EXERCISE OBJECTIVE: When you reach the line that contains "Lorsica setzt das", set down that line and every one after it through the end of the records, exactly as written and with no pictures.

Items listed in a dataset
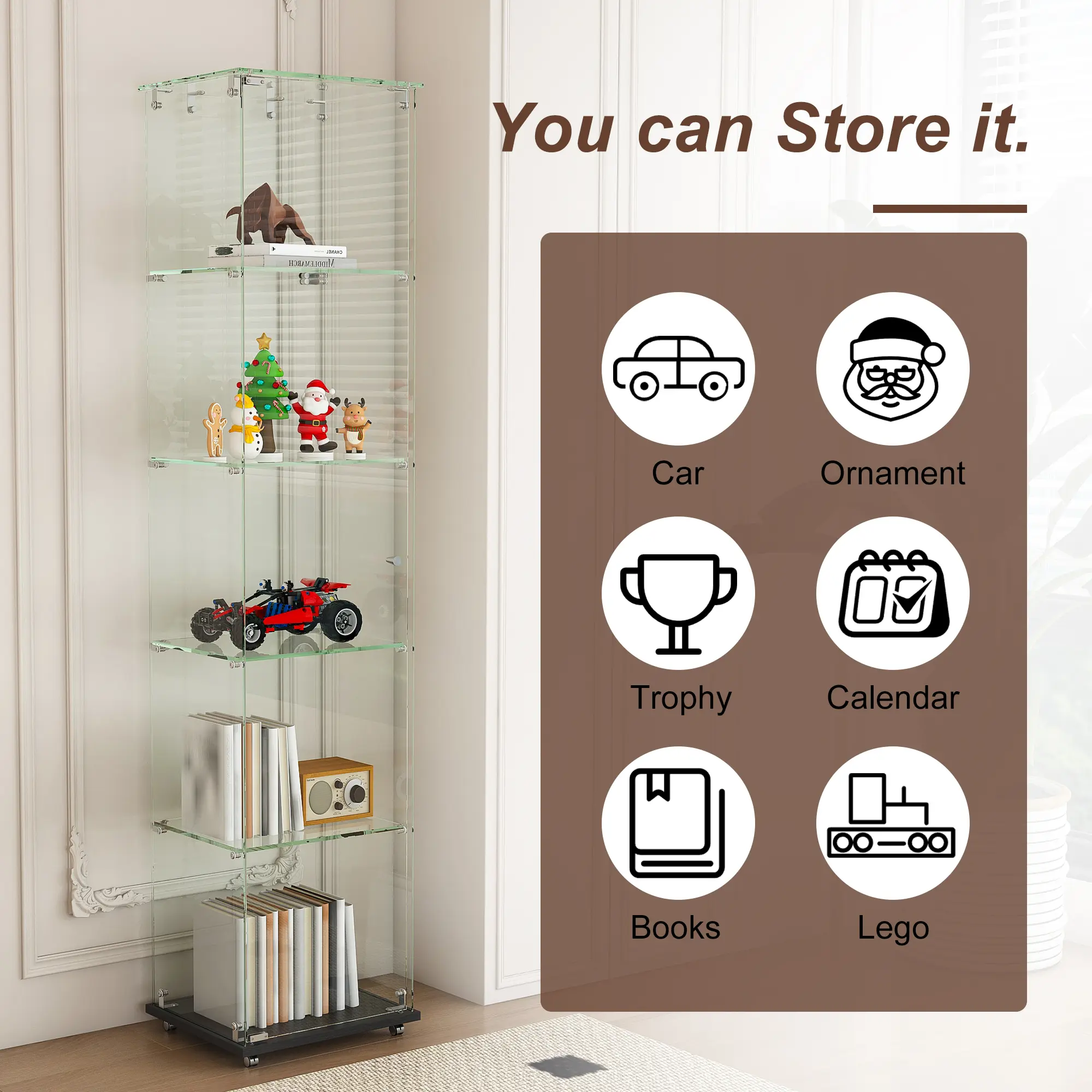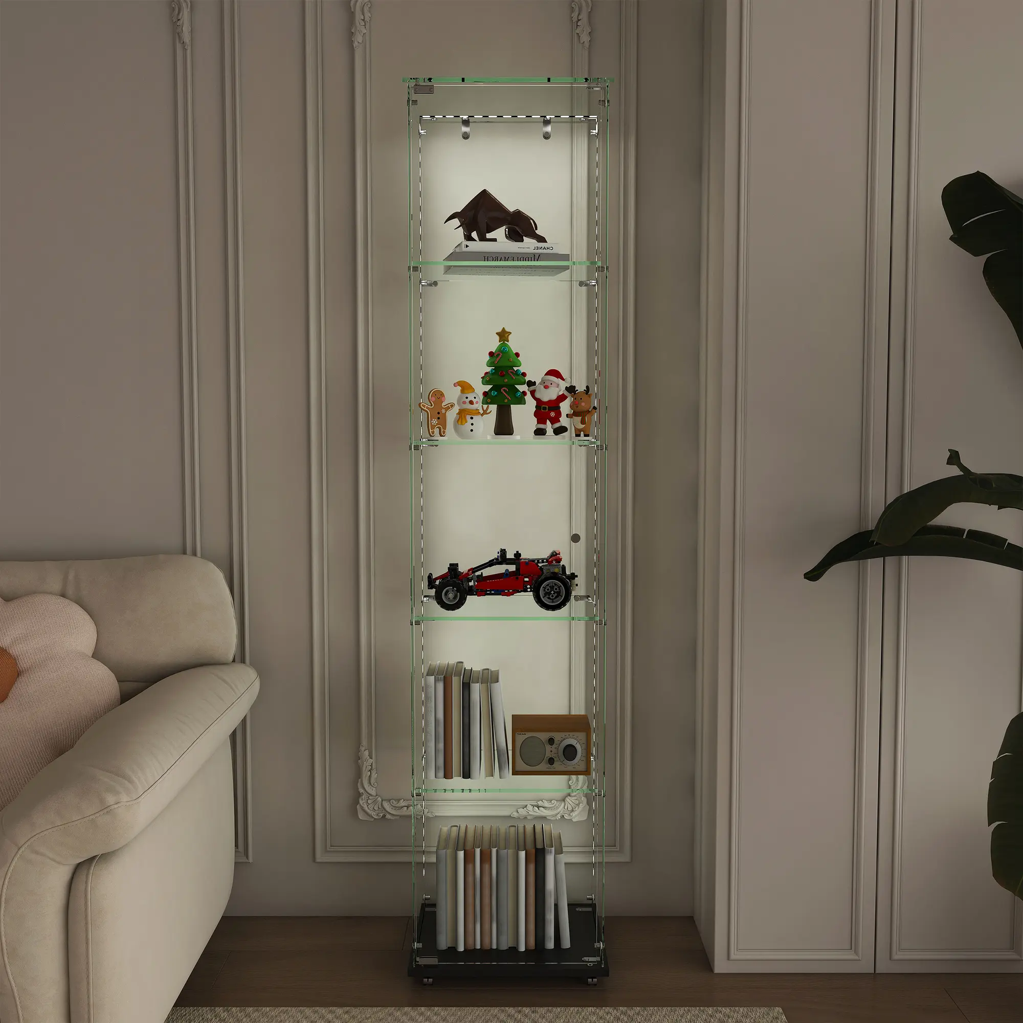 Elevate your collectibles and decor with this premium 4-tier glass display case, featuring 5 dynamic LED modes and a single tempered glass door for easy access. Floor-standing and easy to assemble, it combines elegant design, durability, and convenience, perfect for showcasing your treasures in home or office spaces.
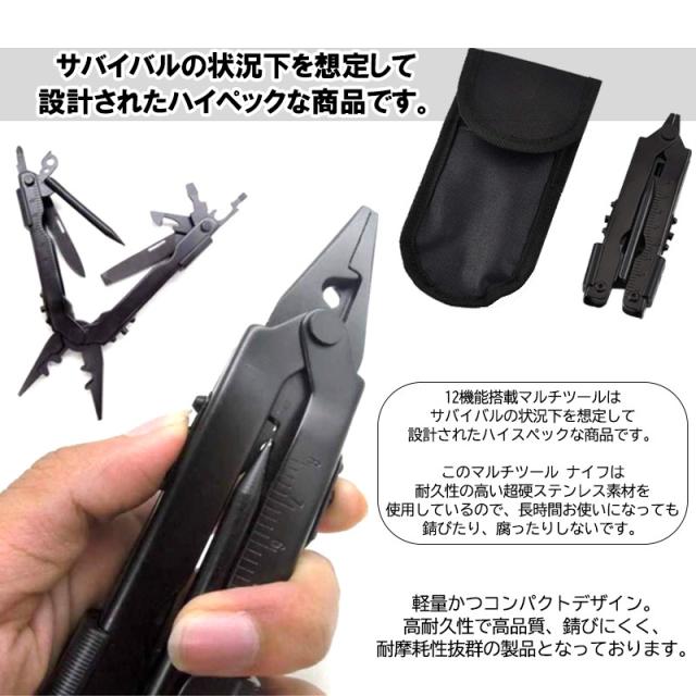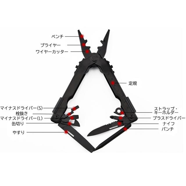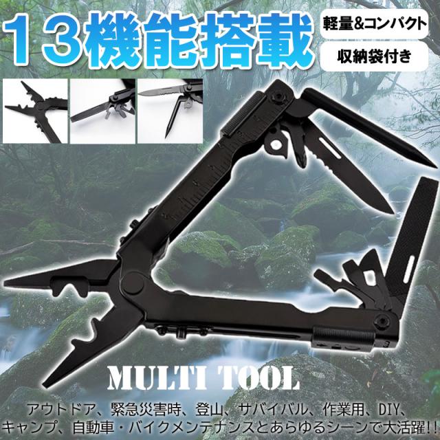 オリジナルブラック 13機能搭載 マルチツール 多機能 ポケット ナイフ スタイル サバイバル ツール アウトドア 釣り 車載 工具 送料無料
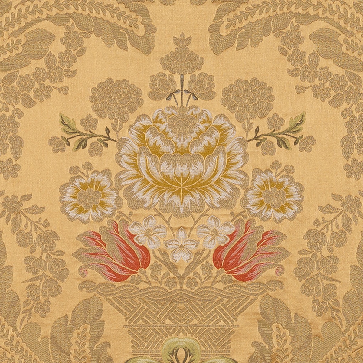 Lorsica setzt das Know-how und die luxuriöse Tradition der Lampas fort und bietet ein Bouquet im Stil des 17. Jahrhunderts, das durch eine Reihe von romantischen und kostbaren Farben bereichert wird.
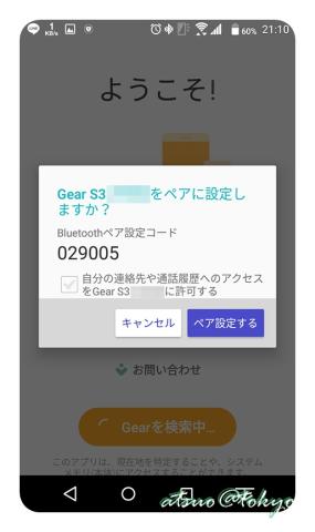 全て許可して進むと、続いて GEAR S3とのペアリング設定になります。
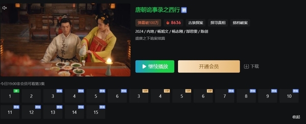 据悉,《唐朝诡事录之西行》全剧共40集,会员用户每日19:00可享受两集连播的福利,首更即放出六集,让会员观众一次看个过瘾。而非会员用户则需耐心等待,每日19:00更新一集,首更两集,逐步揭开西行路上的重重迷雾。
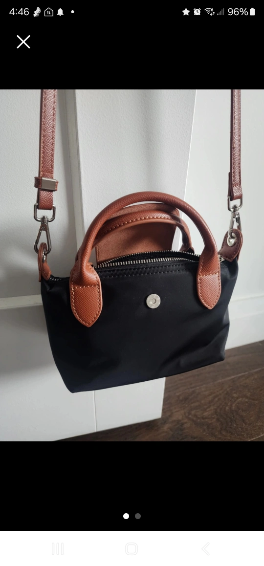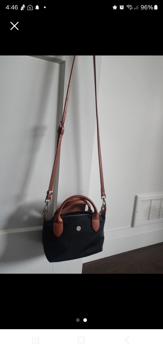 Black nylon mini handbag. Brown leather trim. Top handles and long shoulder strap. Zipper closure. Small, lightweight, and stylish.
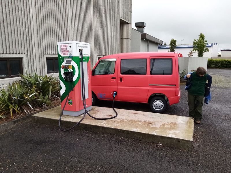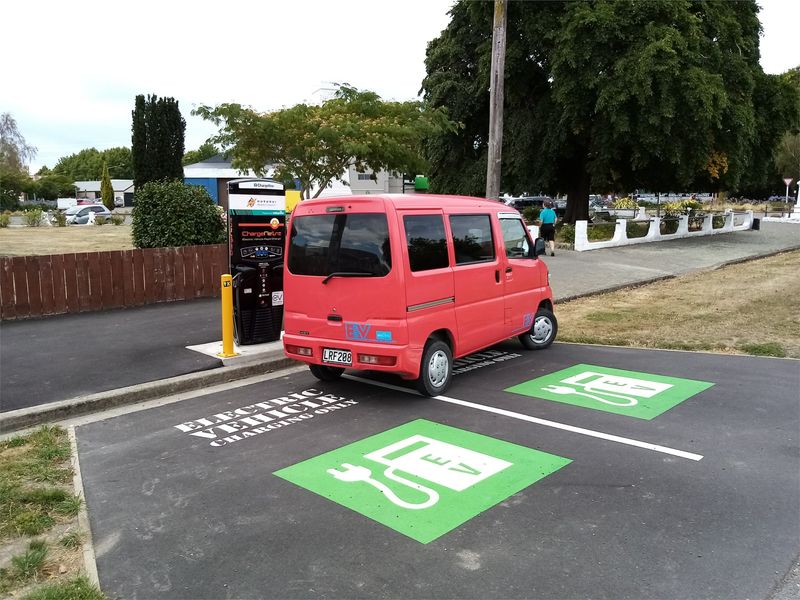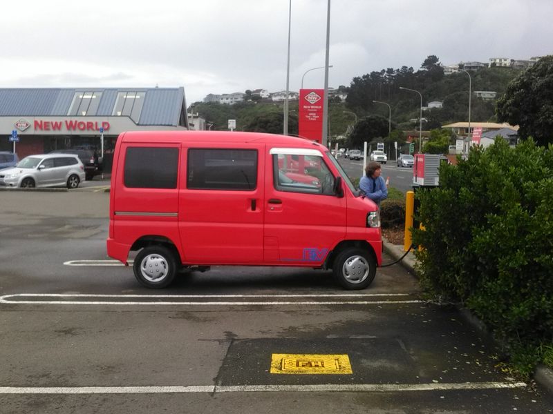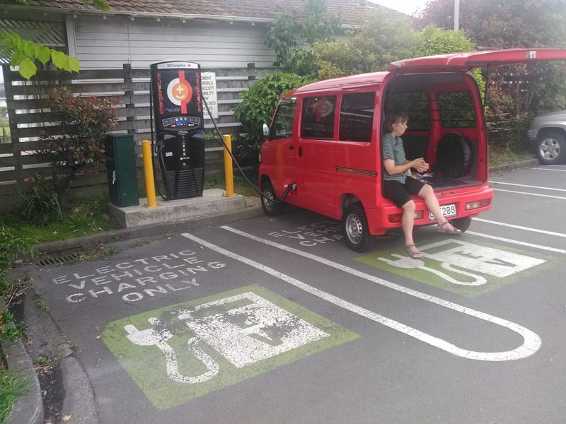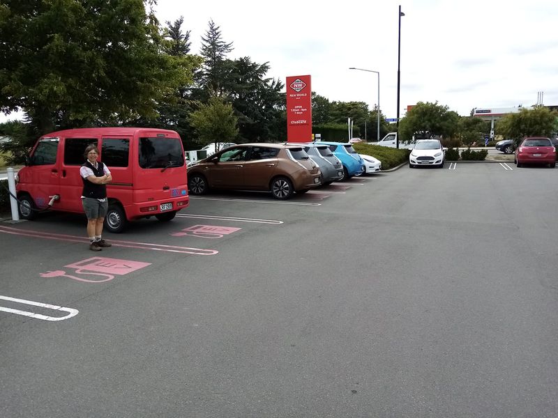 On our big road trip from Porirua to Alexandra in Squirrel our Miev Minicab. Topping up at Lincoln New World, and as well as us fast charging there were 3 Leafs and a Tesla 3 all slow charging. Across the road at some research place, 2 more Leafs parked up. Mainstream or what?

RESULT:
 Lorsica setzt das Know-how und die luxuriöse Tradition der Lampas fort und bietet ein Bouquet im Stil des 17. Jahrhunderts, das durch eine Reihe von romantischen und kostbaren Farben bereichert wird.
 全て許可して進むと、続いて GEAR S3とのペアリング設定になります。
 据悉,《唐朝诡事录之西行》全剧共40集,会员用户每日19:00可享受两集连播的福利,首更即放出六集,让会员观众一次看个过瘾。而非会员用户则需耐心等待,每日19:00更新一集,首更两集,逐步揭开西行路上的重重迷雾。
 Black nylon mini handbag. Brown leather trim. Top handles and long shoulder strap. Zipper closure. Small, lightweight, and stylish.
 On our big road trip from Porirua to Alexandra in Squirrel our Miev Minicab. Topping up at Lincoln New World, and as well as us fast charging there were 3 Leafs and a Tesla 3 all slow charging. Across the road at some research place, 2 more Leafs parked up. Mainstream or what?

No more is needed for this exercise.